**BRIEF:** Print every entry exactly as it appears, but skip the pictures.

Extracted records:
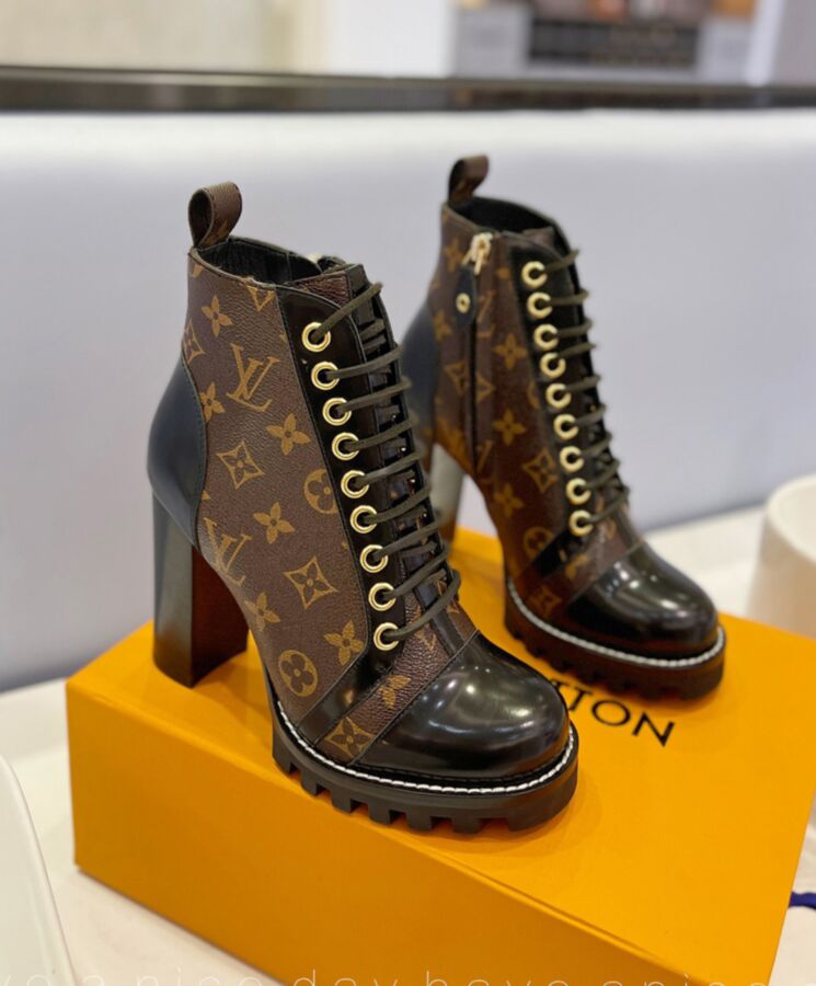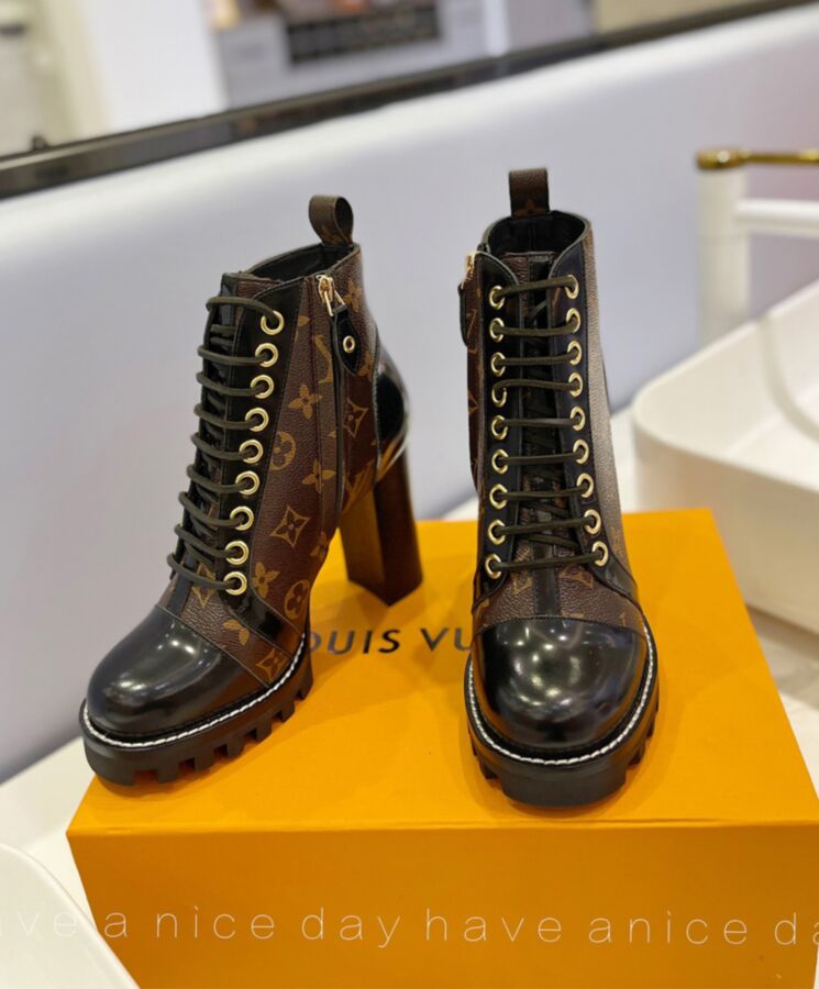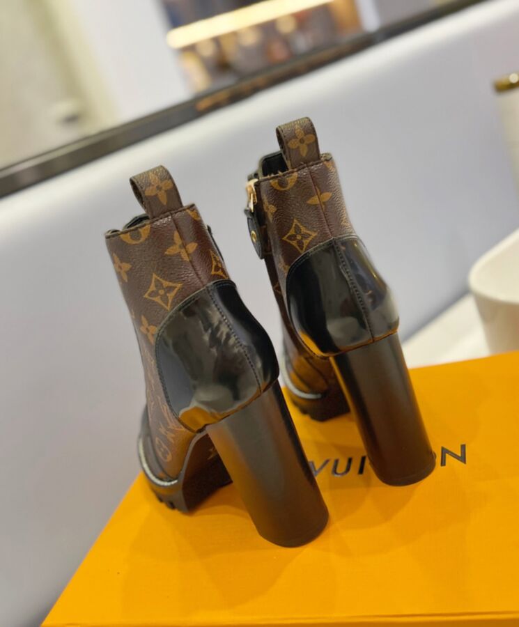 The now iconic Star Trail lace-up boot is reinterpreted this season in the iconic Monogram canvas Patent Monogram canvas Side zip Rubber outsole with tread 8 cm / 3.1 inch heel
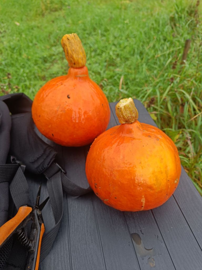 Hokkaidot alkoivat näyttää siltä, että ne voisivat muuttaa kerrostaloon loppusäilytykseen. Taas luettiin intenettiä että mistä ihmeestä ne pitää köynnöksestään katkaista ja ei tultu hullua hurskaammaksi.
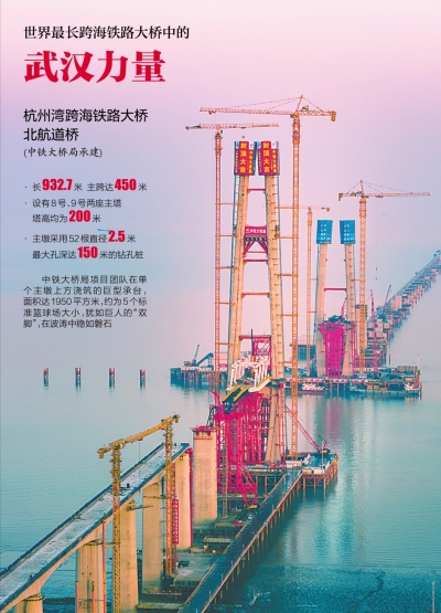 杭州湾跨海铁路大桥是南通至宁波高速铁路(简称通甬高铁)控制性工程,位于既有杭州湾跨海公路大桥以北,全长29.2公里,是目前在建的世界最长跨海铁路大桥。
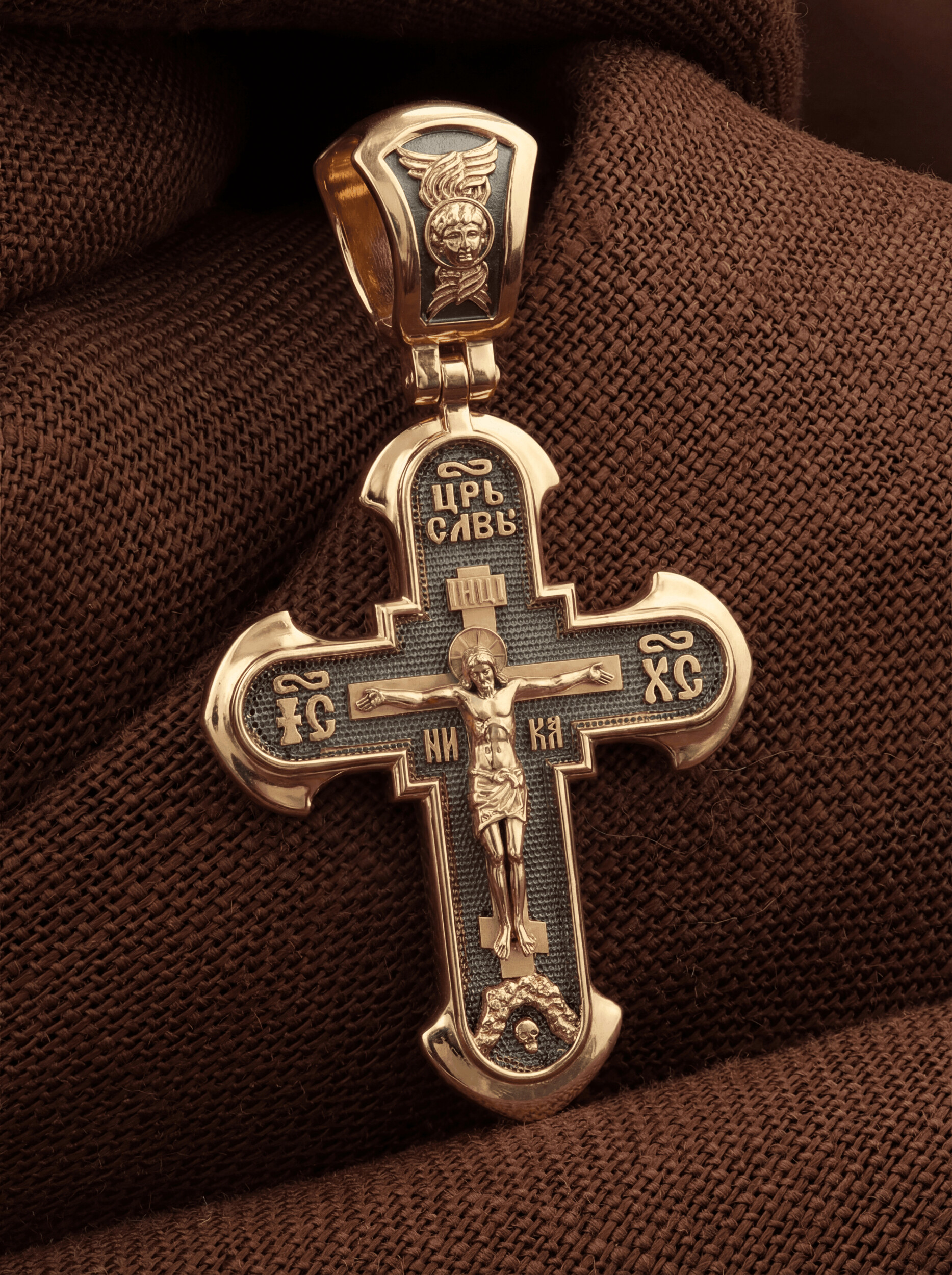 На лицевой стороне креста изображено Распятие Господа нашего Иисуса Христа. В традиции Православия — принято изображать Спасителя как Воскресшего Крестоносителя, призывающего в Свои объятия все концы мира. Его руки имеют горизонтальное положение, открытые ладони пробиты гвоздями, голова наклонена вправо, вокруг головы крестчатый нимб. Крест стоит на горе камней, символизирующих Голгофу, в основании которой различается череп. Это голова Адама. По преданию, тело Адама было погребено Симом, сыном Ноя, на месте, где впоследствии возникла гора Голгофа. Над головой Господа на поперечной перекладине аббревиатура «IНЦI», что символизирует табличку, которая была прибита к Кресту, с надписью «Иисус Назорей Царь Иудейский». Этим иудеи хотели посмеяться над Христом, не зная, что распинают истинного Царя всех царей. По бокам поперечной перекладины титлы святого имени Христа «IC» (Иисус) «ХС» (Христос), и слово «НИКА», что в переводе с греческого означает «победитель». Венчает лицевую сторону креста надпись «Царь Славы».
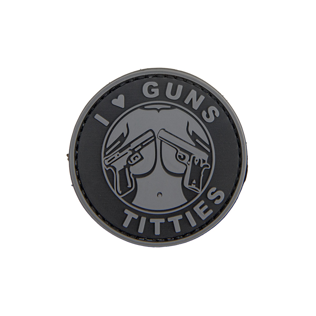 I Heart Guns & Titties PVC Patch (Color: Gray)

**SOLUTION TO THE EXERCISE:**
 The now iconic Star Trail lace-up boot is reinterpreted this season in the iconic Monogram canvas Patent Monogram canvas Side zip Rubber outsole with tread 8 cm / 3.1 inch heel
 Hokkaidot alkoivat näyttää siltä, että ne voisivat muuttaa kerrostaloon loppusäilytykseen. Taas luettiin intenettiä että mistä ihmeestä ne pitää köynnöksestään katkaista ja ei tultu hullua hurskaammaksi.
 杭州湾跨海铁路大桥是南通至宁波高速铁路(简称通甬高铁)控制性工程,位于既有杭州湾跨海公路大桥以北,全长29.2公里,是目前在建的世界最长跨海铁路大桥。
 На лицевой стороне креста изображено Распятие Господа нашего Иисуса Христа. В традиции Православия — принято изображать Спасителя как Воскресшего Крестоносителя, призывающего в Свои объятия все концы мира. Его руки имеют горизонтальное положение, открытые ладони пробиты гвоздями, голова наклонена вправо, вокруг головы крестчатый нимб. Крест стоит на горе камней, символизирующих Голгофу, в основании которой различается череп. Это голова Адама. По преданию, тело Адама было погребено Симом, сыном Ноя, на месте, где впоследствии возникла гора Голгофа. Над головой Господа на поперечной перекладине аббревиатура «IНЦI», что символизирует табличку, которая была прибита к Кресту, с надписью «Иисус Назорей Царь Иудейский». Этим иудеи хотели посмеяться над Христом, не зная, что распинают истинного Царя всех царей. По бокам поперечной перекладины титлы святого имени Христа «IC» (Иисус) «ХС» (Христос), и слово «НИКА», что в переводе с греческого означает «победитель». Венчает лицевую сторону креста надпись «Царь Славы».
 I Heart Guns & Titties PVC Patch (Color: Gray)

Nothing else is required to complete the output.